Can the trace of a positive matrix increase under a projection?

Question

The question is concerned with symmetric matrices $\mathbb{S}_n$ as a real vector space. Let $X$ be a positive semidefinite symmetric matrix, and let $P : \mathbb{S}_n \to \mathcal{V}$ be a projection onto some subspace $\mathcal{V} \subset \mathbb{S}_n$. Is it always the case that $\mathrm{trace}(P(X)) \leq \mathrm{trace}(X)$?

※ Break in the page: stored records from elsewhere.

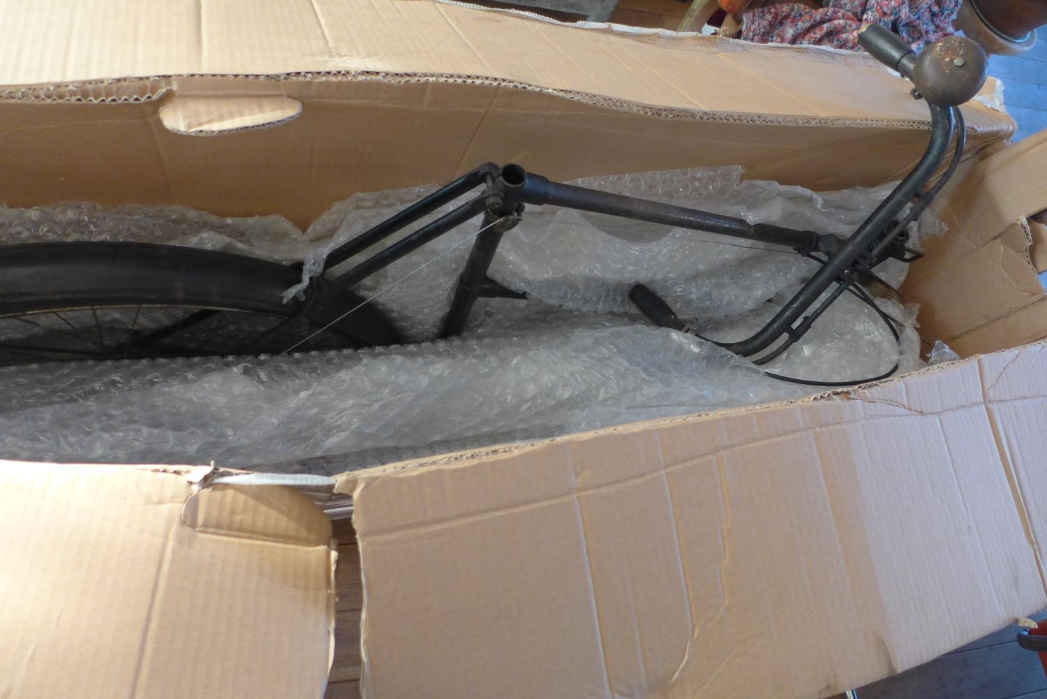 In deze Humber zit een Sturmey Archer A naaf die nog goed schakelde maar waarvan het achtertandwiel verkeerdom zat voor een juiste kettinglijn en
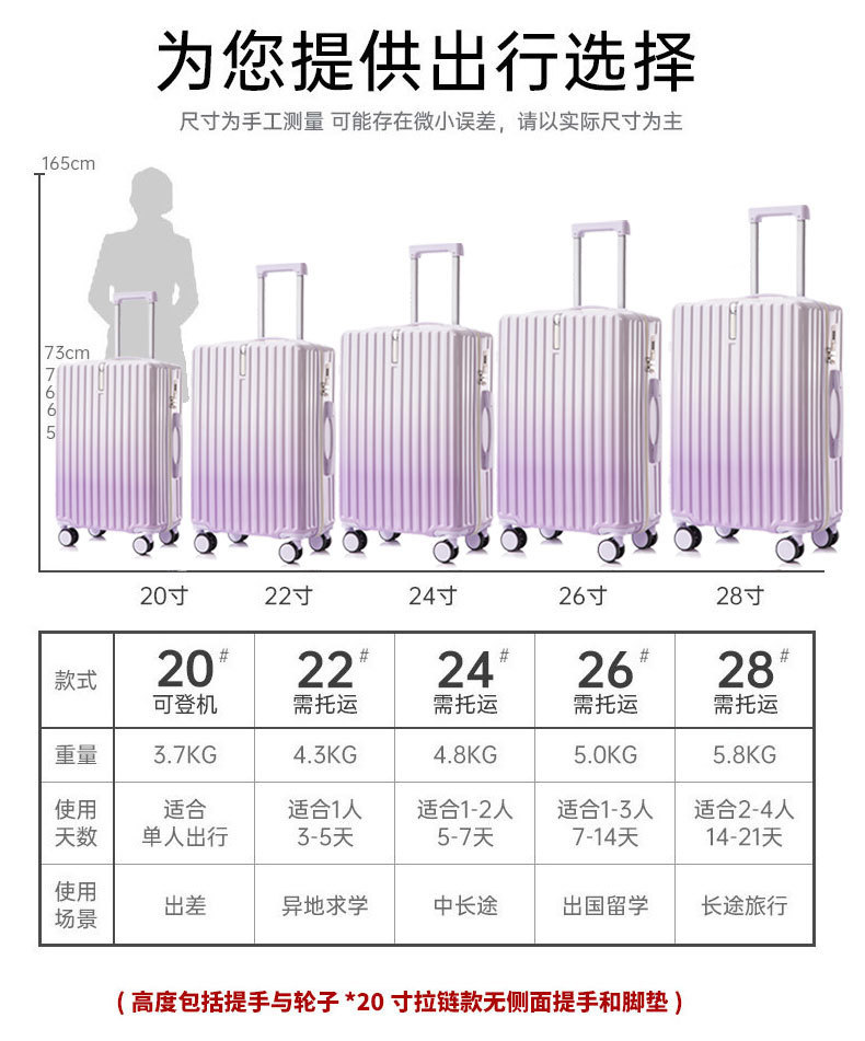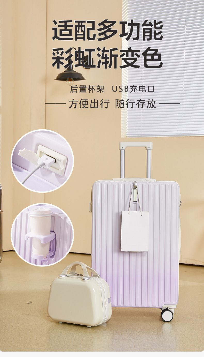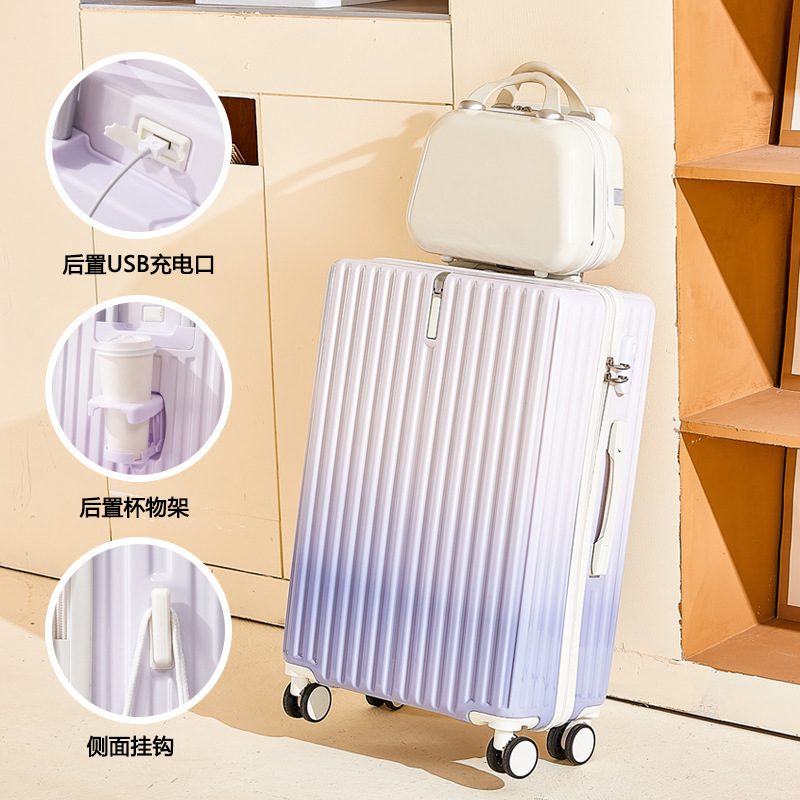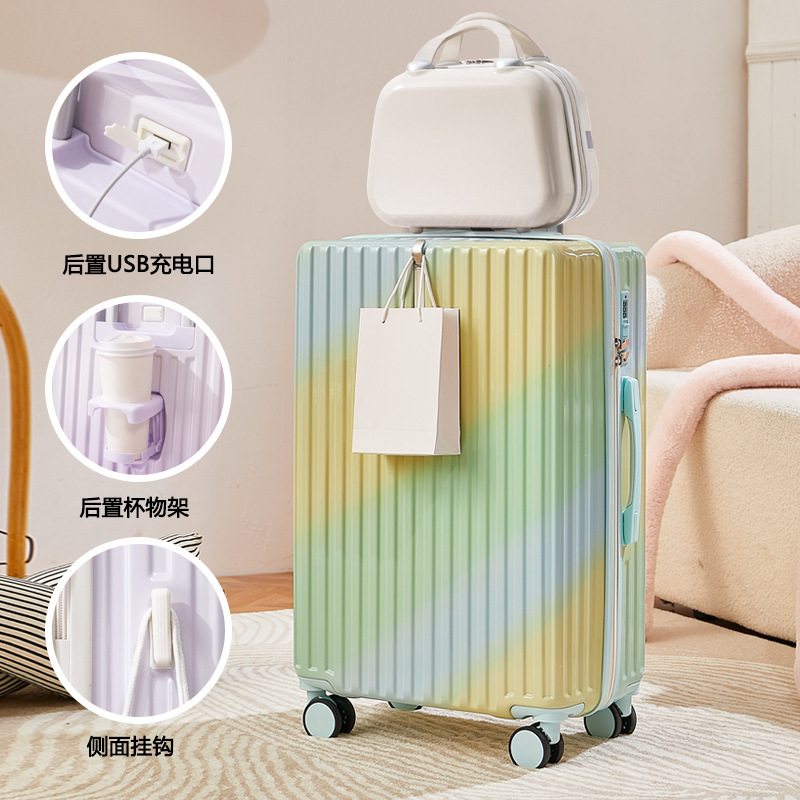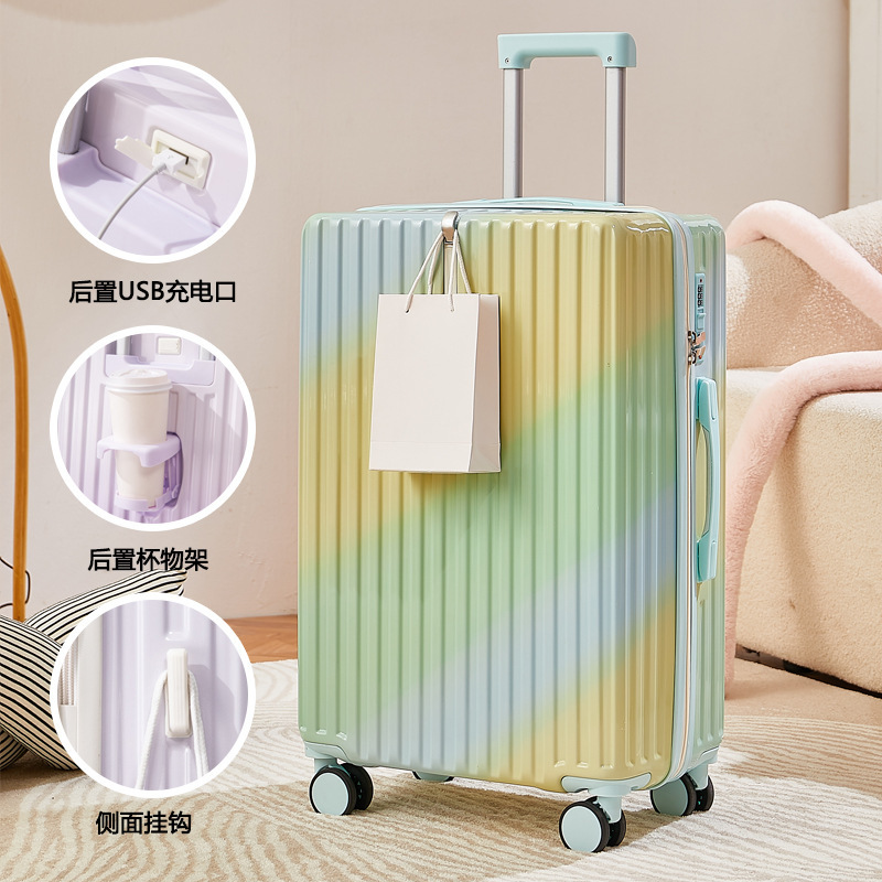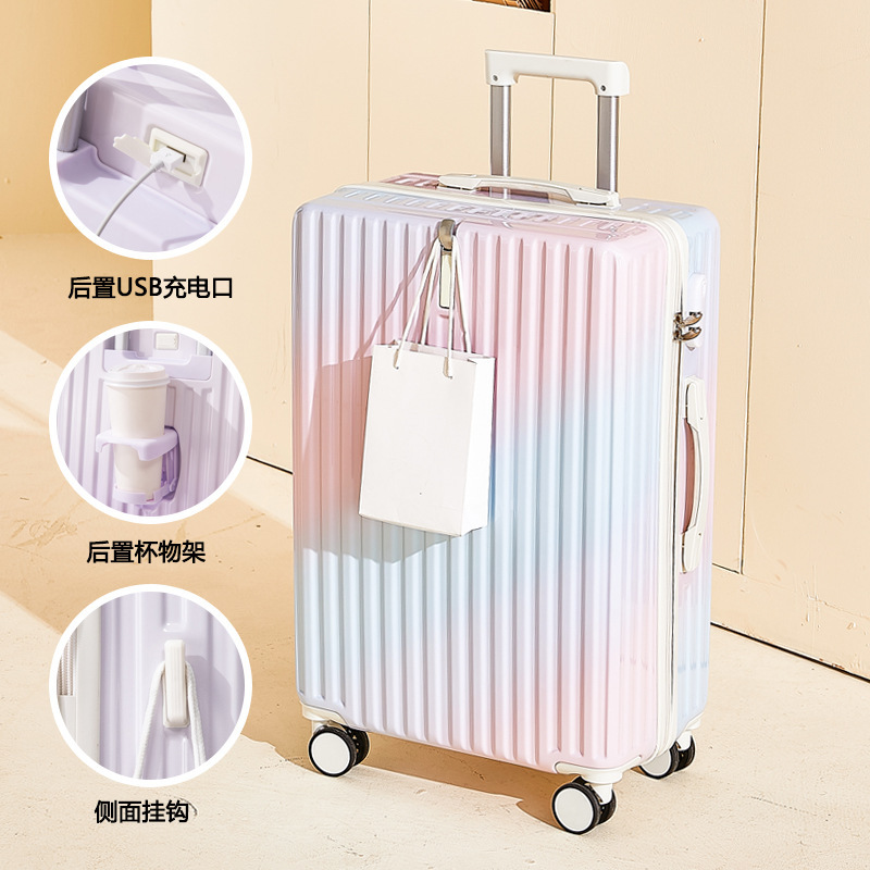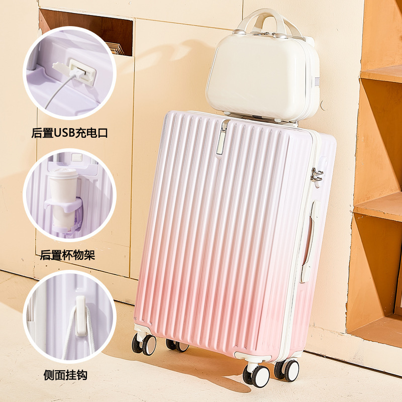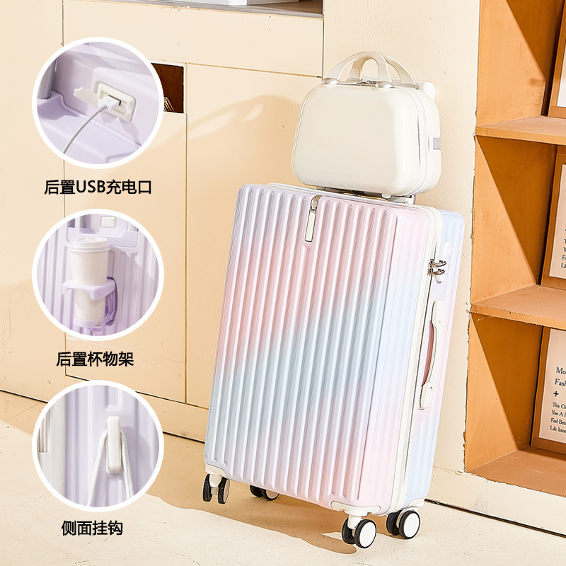 【엄선된 공장】그라데이션 컬러 여행가방 여성용 고급스러운 인터넷 유명인 트롤리 캐리어 대학생용 비밀번호 잠금 여행가방스토어 가기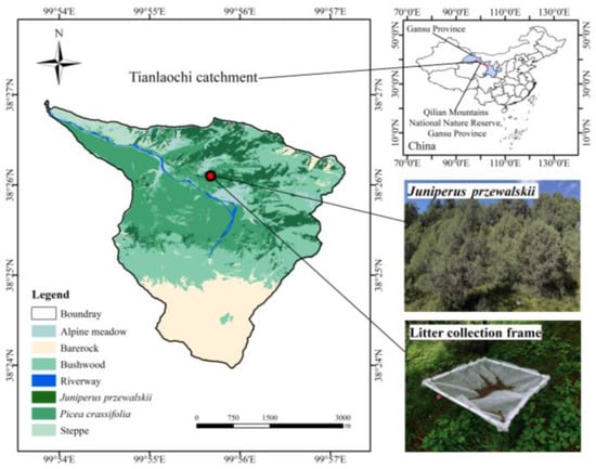 The Qilian Mountains are located in the Gansu and Qinghai provinces of China and are one of the prominent mountains. The experimental site is located in the Tianlaochi catchment (38°23′58″–38°26′56″ N, 99°53′50″–99°57′10″ E) of the central Qilian Mountains (Figure 1). The catchment covers an area of 12.8 km2, and an elevation of 2650–4450 m. The mean annual temperature of the catchment is 0.6 °C. The relative humidity is 59%. The mean annual precipitation is 535.9 mm from 2014 to 2019 [26]. The precipitation concentrated from May to September, more than 80% occurred during the whole year. The climate is classified as semi-arid alpine [27]. The dominant vegetation types are Picea crassifolia, JP, Potentilla fruticasa, Spiraea alpina Pall, Caragana jubata, and Salix gilashanica. With the elevation increasing, the distribution of vegetation types formed a significant vertical differentiation law. From high to low elevation, there are meadows, shrubs, forests, and grasslands. Forest is the main ecosystem in the catchment. The dominant forest species are Picea crassifolia and JP. The area of the two forests is 3.25 and 1.71 km2 [26,28]. JP is sensitive to climate change but can adapt to harsh environmental conditions and tolerate cold and drought. In the Qilian Mountains, JP occupies 13.34% of the land area of the catchment and is widely distributed on the sunny slopes at the elevation of 2700–3250 m [27]. JP can reach 12 m tall and live for more than 100 years.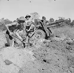 36th Indian Division was in training for amphibious operations. 455 Light Bty had previously served in the assault force for the invasion of Madagascar (Operation Ironclad) under the division's commander, Maj-Gen Francis Festing. Now the two field regiments assigned to the division, 130th (Lowland) and 178th, were designated 'Assault Field Regiments' trained for assault landings from the sea, possibly against Akyab or the Andaman Islands. 130th (Lowland) Assault Fd Rgt was equipped with 16 × 25-pdrs (315 and 316 Fd Btys) and 16 × 3.7-inch howitzers (455 Lt and 494 Fd Btys).[20][30][31][32][33]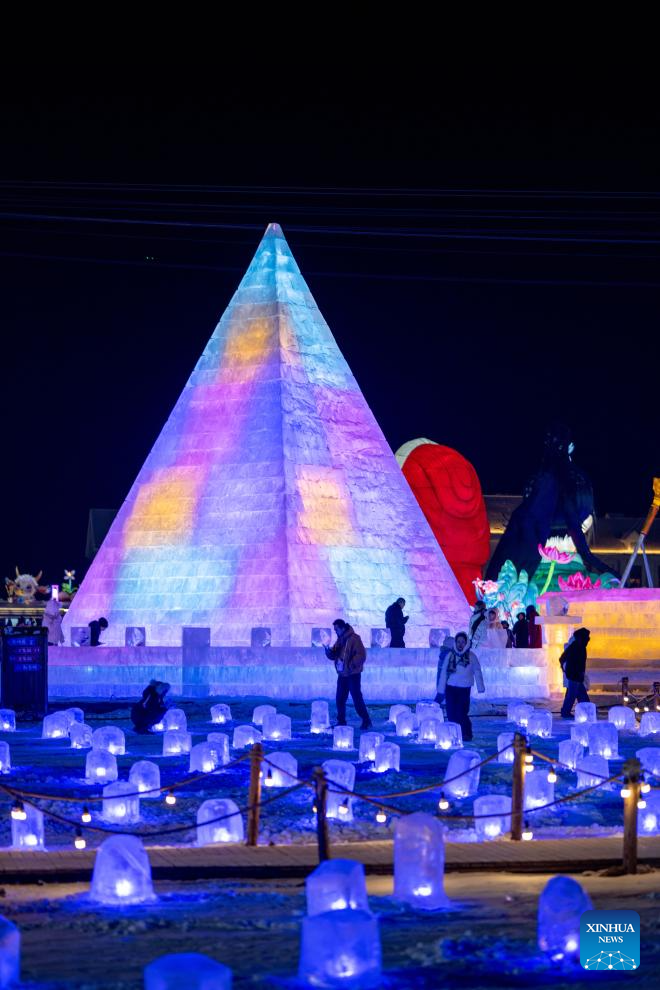 This photo taken on Dec. 31, 2025 shows people attending an ice and snow festival in Hohhot, north China's Inner Mongolia Autonomous Region. Hohhot has launched more than 300 winter amusement programs since December 2025, incorporating ice and snow sports, cultural experiences and vogue consumption to boost the local economy. (Xinhua/Lian Zhen)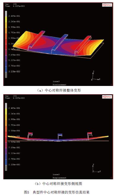 激光焊接機身壁板對比傳(chuan) 統的鉚接機身壁板而言,具有明顯的減重效果,能改善連接部位的性能,同時具有降低製造成本、提高生產(chan) 效率等多方麵的優(you) 點。但是,激光焊接造成的應力集中和變形問題,卻是鉚接過程所不存在的。大型客機機身壁板激光焊接工藝屬於(yu) 大尺寸、小厚度、多焊縫的複雜焊接工藝,其變形過程甚為(wei) 複雜。圖5為(wei) 壁板典型件焊接變形模擬結果,是針對大型客機壁板典型件(3根桁條)開展熱力耦合分析的結果。如圖5所示,即使采用較優(you) 的中心對稱焊接技術(焊接方向相同,順序為(wei) 先中間後兩(liang) 邊),仍然具有較大的變形量。試驗研究也已表明,對於(yu) 多桁條構件,其變形機理複雜。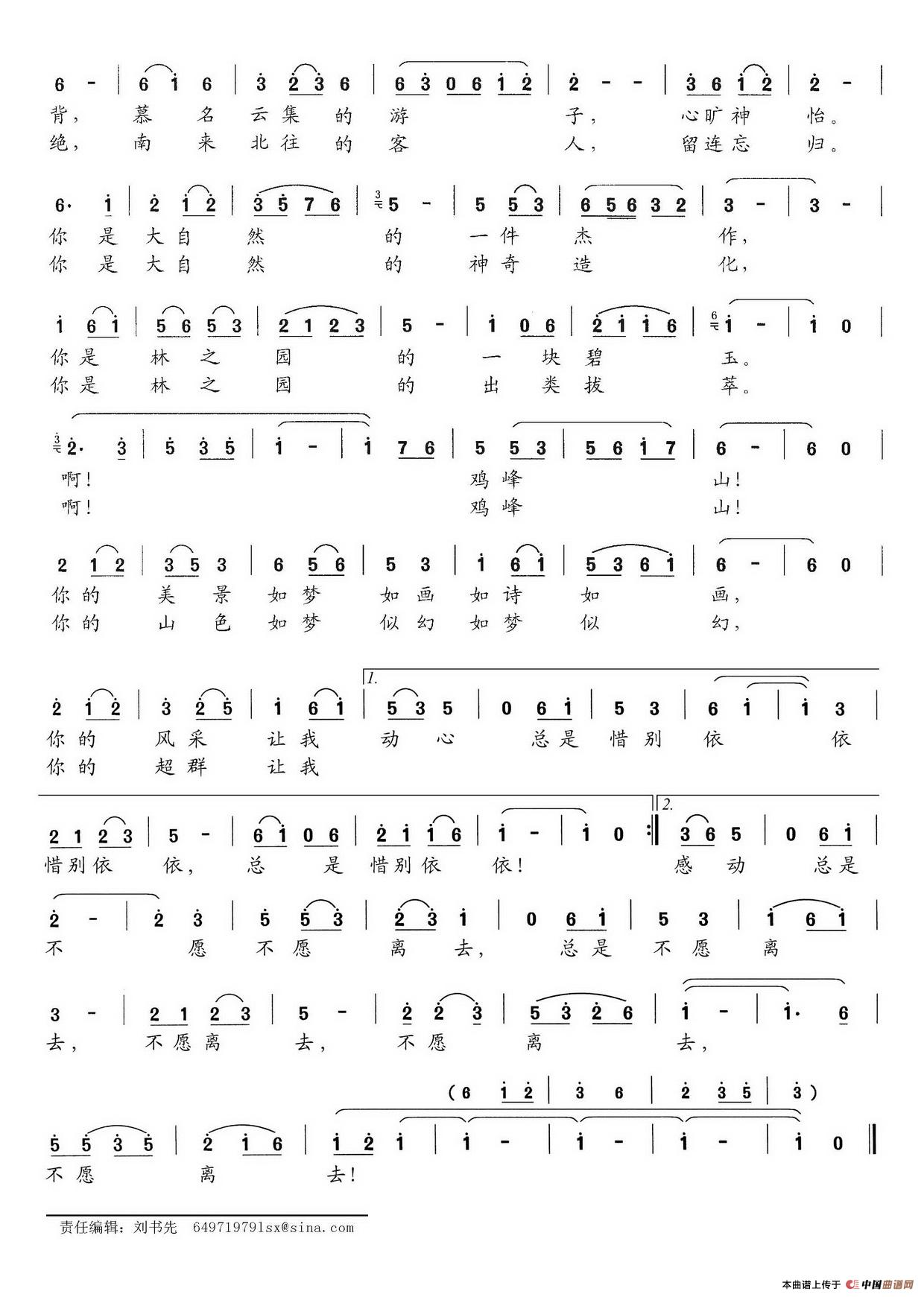 关于《陇上奇葩鸡峰山》曲谱的评论
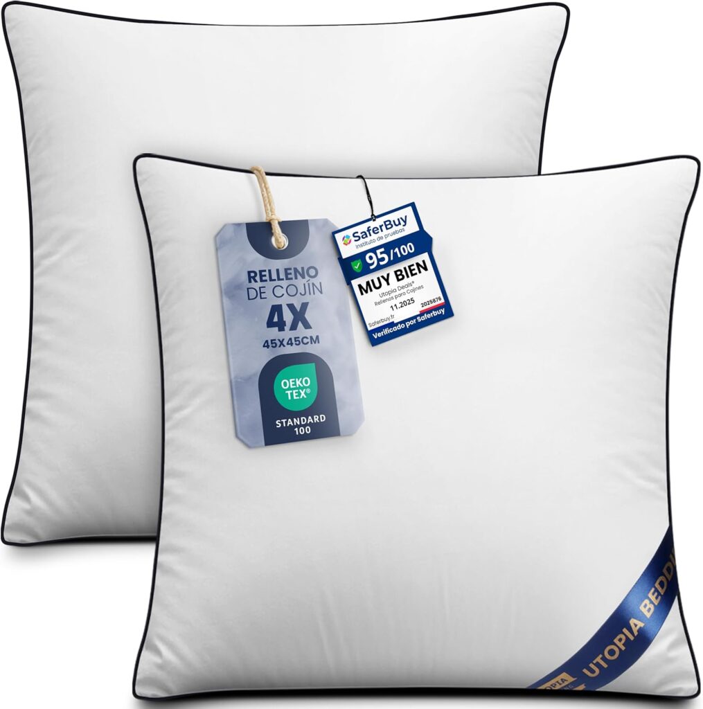 Utopia Bedding Relleno cojín Cojínes para Cama, Cojines Decorativos para sofá (2, Blanco, Unidad de 2 | 45×45 cm)

I can see this being true when $\mathcal{V}$ has an orthonormal basis $\{A_i\}$ consisting of matrices which are all either trace $0$ or positive and trace $\leq 1$. But in general I don't know anything about what kind of basis $\mathcal{V}$ would admit. Is it possible to come up with a counterexample?

Answer 1

Consider the following orthogonal basis of $\mathbb S_2$ with respect to the Frobenius inner product: $$ A=\pmatrix{4&0\\ 0&2},\ B=\pmatrix{1&0\\ 0&-2},\ C=\pmatrix{0&1\\ 1&0}. $$ Let $P$ be the orthogonal projection onto $\mathcal V=\operatorname{span}(A)$ and let $X=A+B=\operatorname{diag}(3,0)$. Then $$ \operatorname{tr}(P(X)) =\operatorname{tr}(P(A+B)) =\operatorname{tr}(A) =6>3 =\operatorname{tr}(X). $$

Answer 2

Recall Von Neumann's Trace Inequality:

For matrices $A,B \in M_{n\times n} (\mathbb{C})$, we have that: $$ |\mathrm{Tr}(AB)| \leq \sum_{ i = 1}^{n} \alpha_i \beta_i $$ where here the the $\alpha_i$ and $\beta_i$ are the singular values of $A,B$ respectively, counted with multiplicity if necessary and are in decreasing order. In particular, if $P$ is a projection, it is diagonalizable with singular values $\alpha_i\in \{0,1\}$. It follows then that if $X$ is positive definite: $$ \mathrm{Tr}(PA) \leq |\mathrm{Tr}(PA)| \leq \sum_{i = 1}^{n}p_ix_i\leq \sum_{i=1}^n x_i = \mathrm{Tr}(A) $$

where here $p_i$ are the eigenvalues of the projection and $x_i$ are the eigenvalues of $X$.